Por ahí andan los dos, embelleciendo con sus recetas sobre la crisis el casting de diversas jornadas socioeconómicas para directivos, orgullosos al fin de volver a sentirse referencias de prestigio en medio de un páramo de ideas en el que los proyectos han sido sustituidos por ocurrencias. Con una pátina arrogante de paternal soberbia ante la inanidad de sus sucesores, a los que se guardan de aludir aunque los retratan en cada diagnóstico. Discretamente rebeldes frente al destino común que los arrumba en los anaqueles del pasado o les corona con el laurel protocolario y jubilar del consejo de ancianos. Cortando al sesgo oblicuas comparaciones elusivas que vienen a reflejar en un espejo de melancolía este horizonte de desesperanzas y fracasos. Autoindulgentes con sus propios fantasmas, como si el tiempo borrase del todo las sombras de sus errores y perfilase de grandeza cotejos y comparanzas.

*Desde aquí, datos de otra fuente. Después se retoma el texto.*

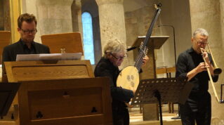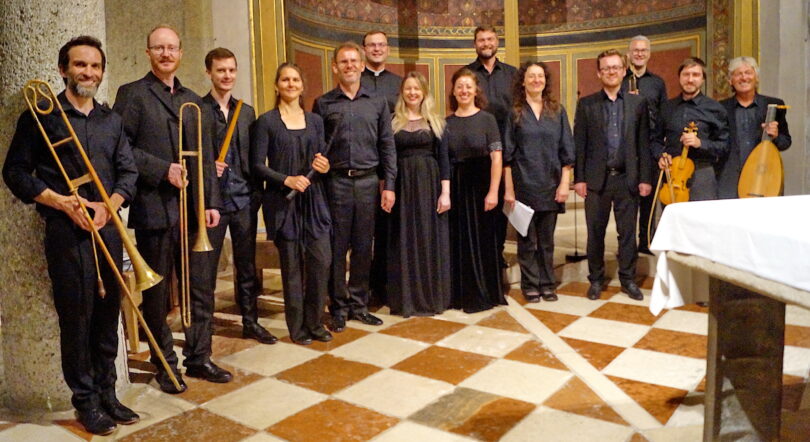 Mit Langhals- und Knickhalslaute, Barockposaunen, Zinken (historisches Blasinstrument), Barockviolinen und einer mittelalterlichen Fidel, sowie der Truhenorgel gestalteten die hervorragenden Instrumentalisten gemeinsam mit den professionellen Singstimmen musikalisch, was im lateinischen – erst später bei Heinrich Schütz auch im deutschen – Text an Emotionen (im Barock „Affekte“ genannt) ausgedrückt ist. Sie erschufen durch die historische Aufführungspraxis eine faszinierende Klangwelt. Alte Musik und eine zeitlose Bitte im romanischen Kirchenraum – die beiden Ensembles nützen die Architektur, um die frühe Mehrchörigkeit in die heutige Zeit zu holen. Die verschiedenen Niveaustufen im Altarraum dienten dieser Darbietung ebenso, wie die Empore, von der aus ein Dialog der Sänger mit den Instrumentalisten geführt wurde. Zu Beginn stellte ein Tenor des Gesangsensembles die gregorianische Antiphon „Da pacem, Domine“ vor, die als Cantus firmus oder Melodieteil in vielen der Kompositionen erscheint. Darauf machte Robert Schlegl aufmerksam und versprach eine CD für denjenigen, der die Anzahl der entsprechenden Musikpassagen im Laufe des Konzerts herausfindet.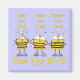 Se ven tres abejas dibujadas a la ligera... una cubre sus ojos, una cubre sus orejas y la otra cubre su boca basándose en lo familiar, no ve mal, no oye mal ni habla mal. Esta leyenda de juego de palabras dice: "no seas malvado". Diseño original de Christie Black de Creations from the Heart.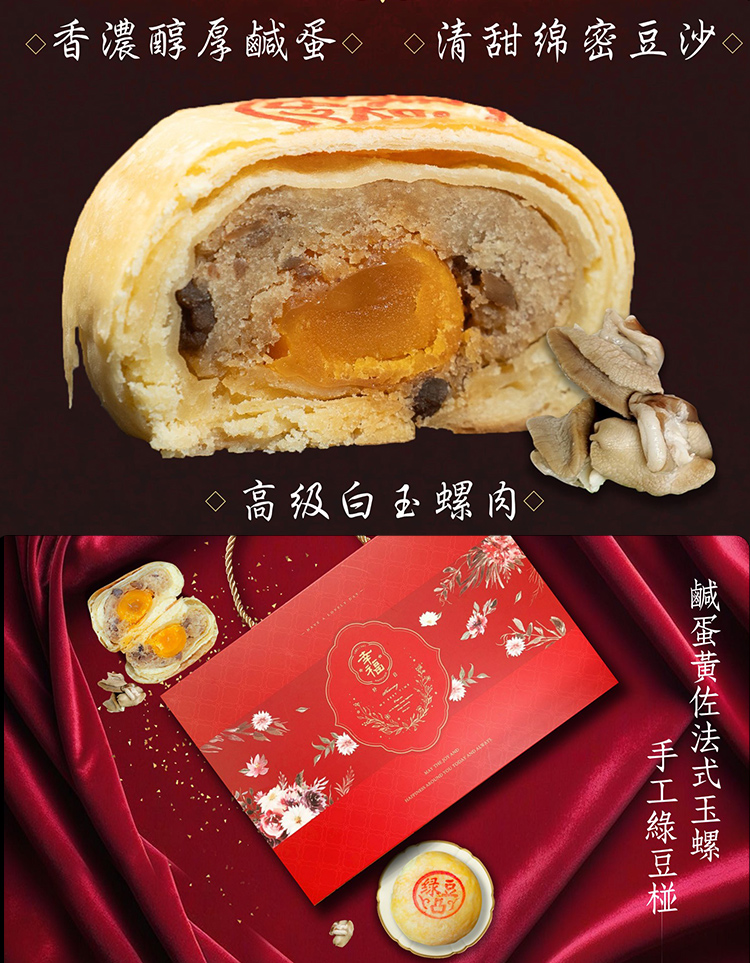 麵粉、奶油、無水奶油、酥油、綠豆沙、豬肉、白玉螺肉、蛋黃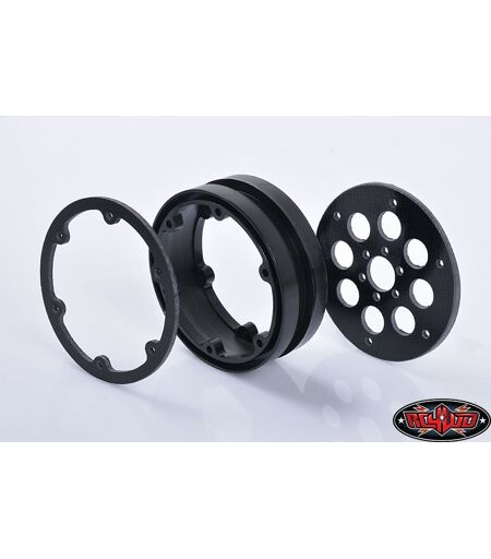 rocker 2.2" lightweight competition beadlock wheels rc4wd now offering lightweight competition beadlock wheels for the crawler market. the lightweight design offers a multiple offset hex design that allows for easy width placement on your comp crawler. three screw design allows for easy offset adjustment. specifications: carbon fiber and delrin material aluminum hex hub optional center hubs fit standard 12mm hex fit 2.2" size tires wheel size: 2.2" wheel width: 0.99in / 25.3mm positive offset: (0.7in / 17.8mm) / (0.59in / 15mm) / (0.82in / 20.9mm) center hole od: 0.27in / 7mm od: 2.2in / 56.2mm each wheel weighs: 2.4oz / 61g what's included: 2x front faces (black) 2x middle rings (black) 2x rear beadlock ring (black) 2x 7mm offset hex hub (silver) 2x 10mm offset hex hub (silver) 2x 13mm offset hex hub (silver) 24x m3 x 6mm bhcs (z-s0651) 6x m3 x 8mm bhcs (z-s0652) notes: this wheel fits the rock beast ii scale 2.2" rc tires sold in pairs. for complete truck you will need 2 of this item. this wheel comes with three hex offset options to allow you to setup the width you would like. due to many different methods to design tires and wheels, we have no control over other manufacturers products. so we can only tell you that rc4wd tires and wheels work together. in some cases our wheels and tires will work with other brand wheels and tires, but we can not guarantee the outcome. < ...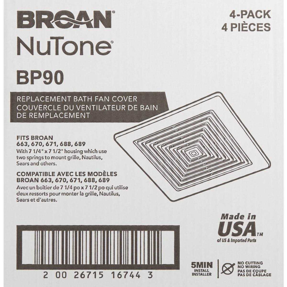 Upgrade with ease with this replacement grille! The Broan-NuTone BP90 grille replaces the Broan 688 exhaust fan (HDs 255325) and is also suitable for use with vent fan models 670, 671, 688, and 689. It’s additionally compatible with smaller Broan and NuTone fans featuring housings measuring 7-1/8 x 7-1/4 inches. Replacing or installing this grille is a straightforward process, as it requires no modifications to drywall or ductwork. Furthermore, it has dimensions of 9.25 inches in length, 9 inches in width, and 0.375 inches in height.With a nearly century-long history of excellence, Broan-NuTone continues to lead the way in the residential ventilation market, delivering high-quality solutions. Seize the opportunity to purchase the Broan-NuTone BP90 today! For all your heating and cooling needs, don’t miss out on the deals available at PlumbersStock.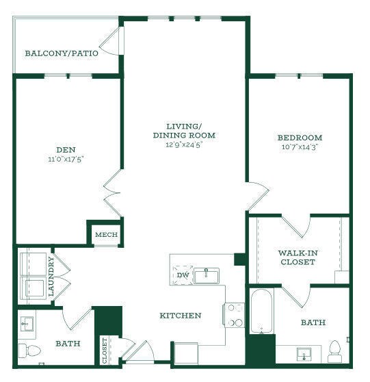 1 Bed, 1.5 Baths, 1201 sq ftTotal Monthly PriceAvailable Nov 14Largest 1 BedroomThis is the largest 1 Bedroom at this PropertyModel Gallery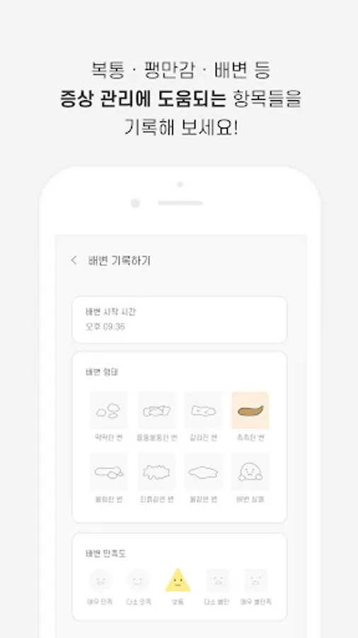 You can enter bowel movement type, satisfaction level, color, and sense of urgency. Record meticulously for my healthy bowel movement management!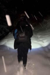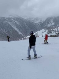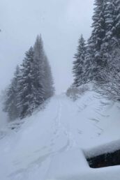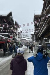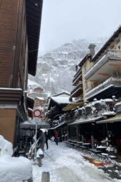 The real adventure began on our drive to our cabin in Val de Bagnes. A very snowy, winding two-hour journey through the mountains had us questioning our life choices. At one point we were convinced someone was following us—but thankfully, it was just a fellow mountain driver. Once we arrived, we parked at the bottom of the steep driveway and hiked up in at least two feet of snow—in the dark—to our Airbnb, completely wiped out but grateful to be safe and warm in a cozy cabin.

Y hay que admitir que les beneficia el parangón. Que salen globalmente ventajosos de las comparaciones con esta gobernanza desnortada y esta esclerosis de futuro. Que la anorexia intelectual del debate político agiganta de algún modo los contornos de sus vigores difuminados por la distancia. Y que tienen derecho a hacerse oír, aunque sus voces suenen a caduca soberbia de salón y a tardía reivindicación de legados vencidos. Aunque ya no les corresponda reclamar más trienios que los de una cierta justicia histórica, una relativa clemencia beneficiada por el balance de su posteridad sucesoria.
Porque no es cualquier tiempo pasado sea mejor, ni siquiera el suyo; es que esta época de incuria resulta tan infértil que hasta parece que nos merecimos el pasado del que llegamos a renegar cuando creíamos que no sería difícil mejorarlo.